Question

Three masses $200\,\text{kg}$, $300\,\text{kg}$ and $400\,\text{kg}$ are placed at the vertices of an equilateral triangle of side $20\,\text{m}$. They are rearranged on the vertices of a bigger triangle of side $25\,\text{m}$ with the same centre. The work done in this process is ___ J.
(Gravitational constant $G = 6.7 \times 10^{-11}\,\text{N m}^2\text{kg}^{-2}$)

• A. $9.86 \times 10^{-6}$
• B. $2.85 \times 10^{-7}$
• C. $4.77 \times 10^{-7}$
• D. $1.74 \times 10^{-7}$

Hint:

Work done in rearranging masses against gravity equals the change in gravitational potential energy of the system.

Answer 1

The Correct Option is D

To determine the work done in rearranging the masses on the vertices of a larger equilateral triangle, we have to calculate the change in gravitational potential energy. The formula for gravitational potential energy between two masses is given by:

\(U = -\frac{G \cdot m_1 \cdot m_2}{r}\)

where \(G\) is the gravitational constant, \(m_1\) and \(m_2\) are the masses, and \(r\) is the distance between the masses.

First, we need to calculate the initial potential energy when masses are placed at the vertices of the smaller triangle with side \(20 \, \text{m}\). The initial gravitational potential energy, \(U_i\), can be calculated by summing the potential energies for each unique pair of masses:

• Masses at vertices: \(200 \, \text{kg}, 300 \, \text{kg}, 400 \, \text{kg}\)
• Distance between each pair: \(r = 20 \, \text{m}\)

The initial potential energy is:

\(U_i = - \left( \frac{G \times 200 \times 300}{20} + \frac{G \times 300 \times 400}{20} + \frac{G \times 400 \times 200}{20} \right)\)

Substitute the values:

\(U_i = - \left( \frac{6.7 \times 10^{-11} \times 200 \times 300}{20} + \frac{6.7 \times 10^{-11} \times 300 \times 400}{20} + \frac{6.7 \times 10^{-11} \times 400 \times 200}{20} \right)\)

Calculating the individual terms:

• \(\text{First pair: } \frac{G \times 200 \times 300}{20} = 2.01 \times 10^{-7} \, \text{J}\)
• \(\text{Second pair: } \frac{G \times 300 \times 400}{20} = 4.02 \times 10^{-7} \, \text{J}\)
• \(\text{Third pair: } \frac{G \times 400 \times 200}{20} = 2.68 \times 10^{-7} \, \text{J}\)

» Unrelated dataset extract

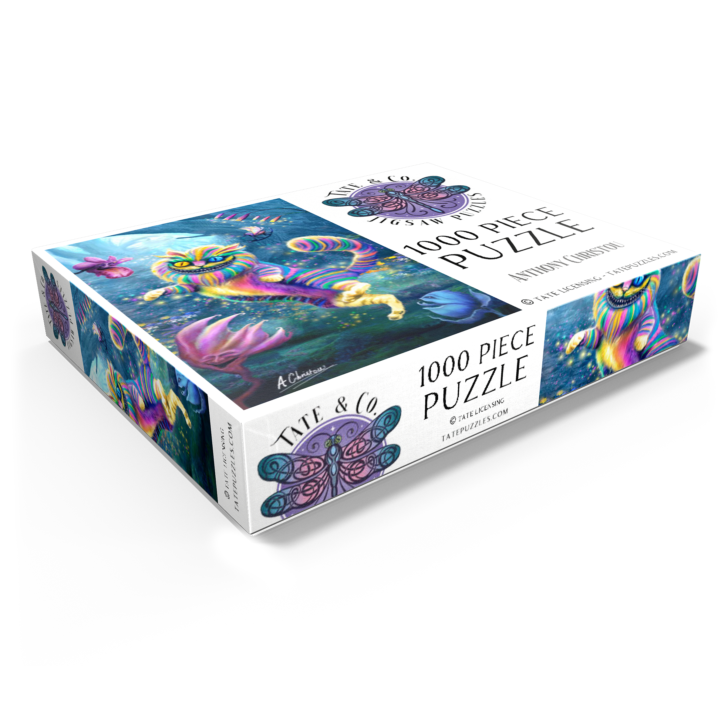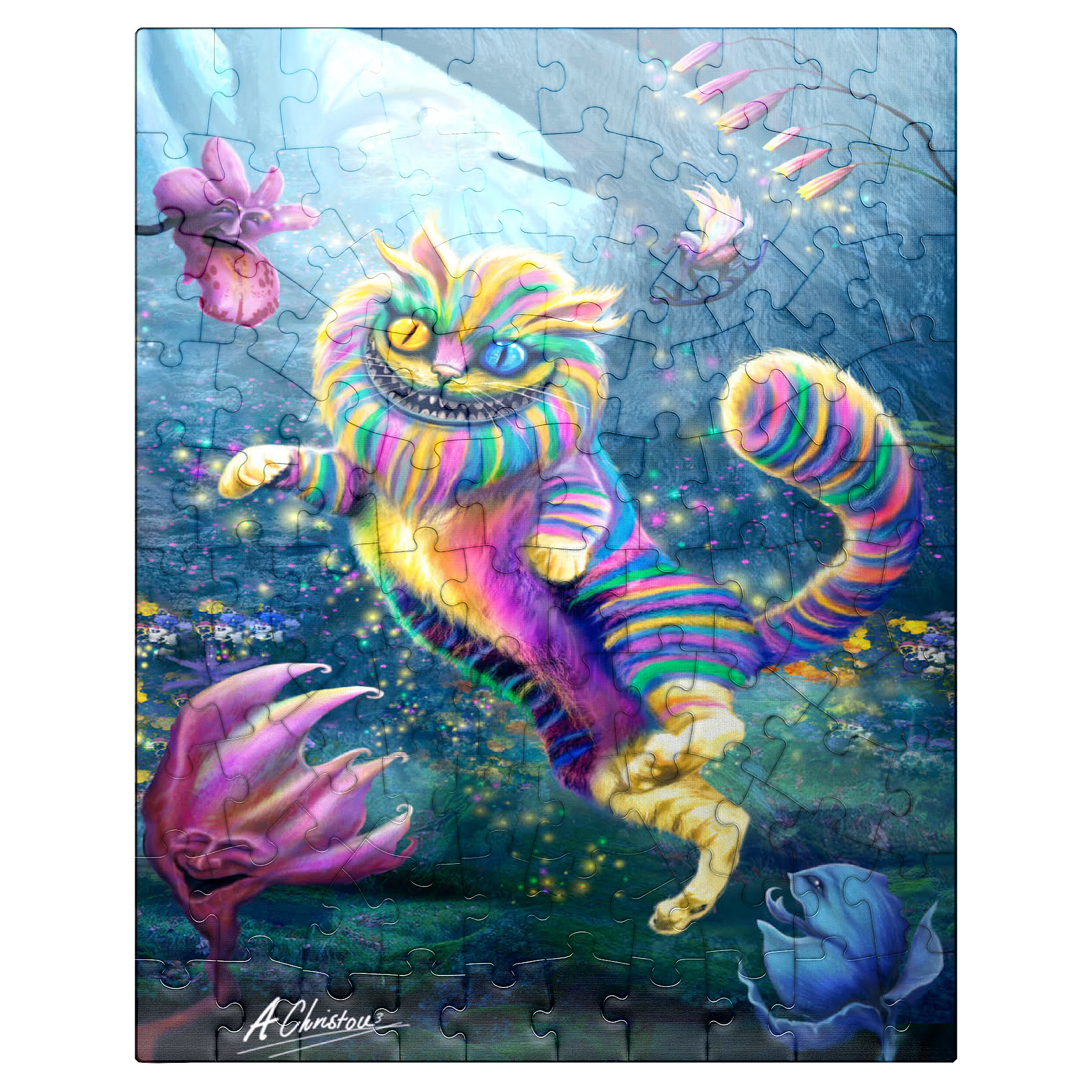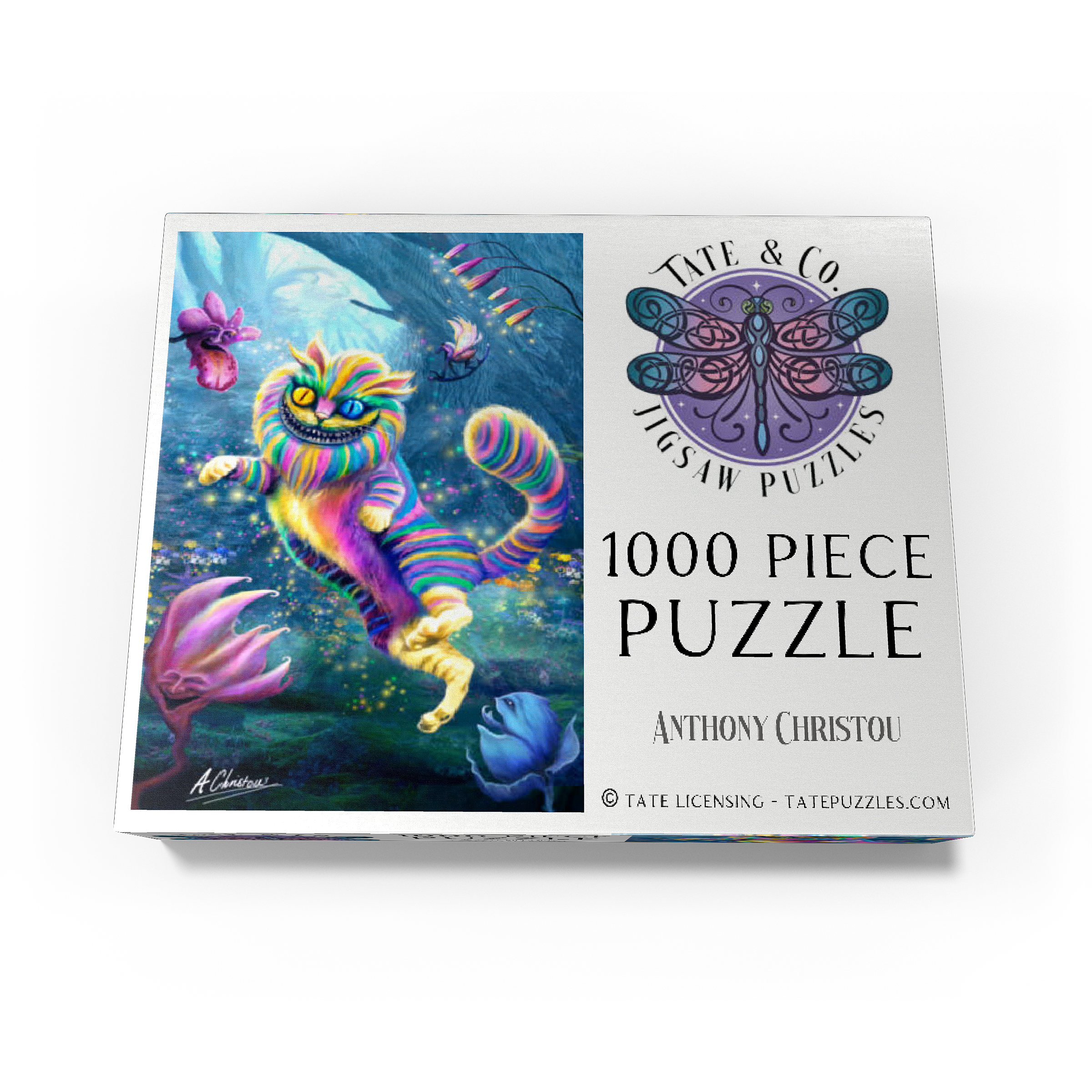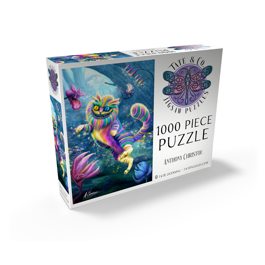Dive into the vibrant imagination of Anthony Christou with his -Rainbow Cheshire Cat- painting. This enchanting piece features the iconic Cheshire Cat, its form playfully rendered in a cascade of rainbow hues, seemingly floating effortlessly. It resides within a magical blue-lit forest, where mischievous flowers bloom in ethereal light and tiny rocking-horseflies float, adding a touch of sparkling detail. Christou's signature blend of fantasy and surrealism creates a dreamlike atmosphere, making this a truly unique and captivating portrayal of Wonderland's most enigmatic resident. A must-have for collectors who adore vibrant fantasy art.

Sum of the initial potential energies:

\(U_i = -(2.01 \times 10^{-7} + 4.02 \times 10^{-7} + 2.68 \times 10^{-7}) = -8.71 \times 10^{-7} \, \text{J}\)

Now calculate the potential energy when the masses are on a larger triangle with side \(25 \, \text{m}\). The new gravitational potential energy, \(U_f\), is given by:

\(U_f = - \left( \frac{G \times 200 \times 300}{25} + \frac{G \times 300 \times 400}{25} + \frac{G \times 400 \times 200}{25} \right)\)

Substitute the values:

\(U_f = - \left( \frac{6.7 \times 10^{-11} \times 200 \times 300}{25} + \frac{6.7 \times 10^{-11} \times 300 \times 400}{25} + \frac{6.7 \times 10^{-11} \times 400 \times 200}{25} \right)\)

Calculating the individual terms:

• \(\text{First pair: } \frac{G \times 200 \times 300}{25} = 1.61 \times 10^{-7} \, \text{J}\)
• \(\text{Second pair: } \frac{G \times 300 \times 400}{25} = 3.22 \times 10^{-7} \, \text{J}\)
• \(\text{Third pair: } \frac{G \times 400 \times 200}{25} = 2.15 \times 10^{-7} \, \text{J}\)

Sum of the final potential energies:

\(U_f = -(1.61 \times 10^{-7} + 3.22 \times 10^{-7} + 2.15 \times 10^{-7}) = -6.98 \times 10^{-7} \, \text{J}\)

The work done in rearranging the masses is the difference in potential energies:

\(\Delta U = U_f - U_i = -6.98 \times 10^{-7} + 8.71 \times 10^{-7} = 1.73 \times 10^{-7} \, \text{J}\)

Thus, the correct answer is \(1.73 \times 10^{-7} \, \text{J}\).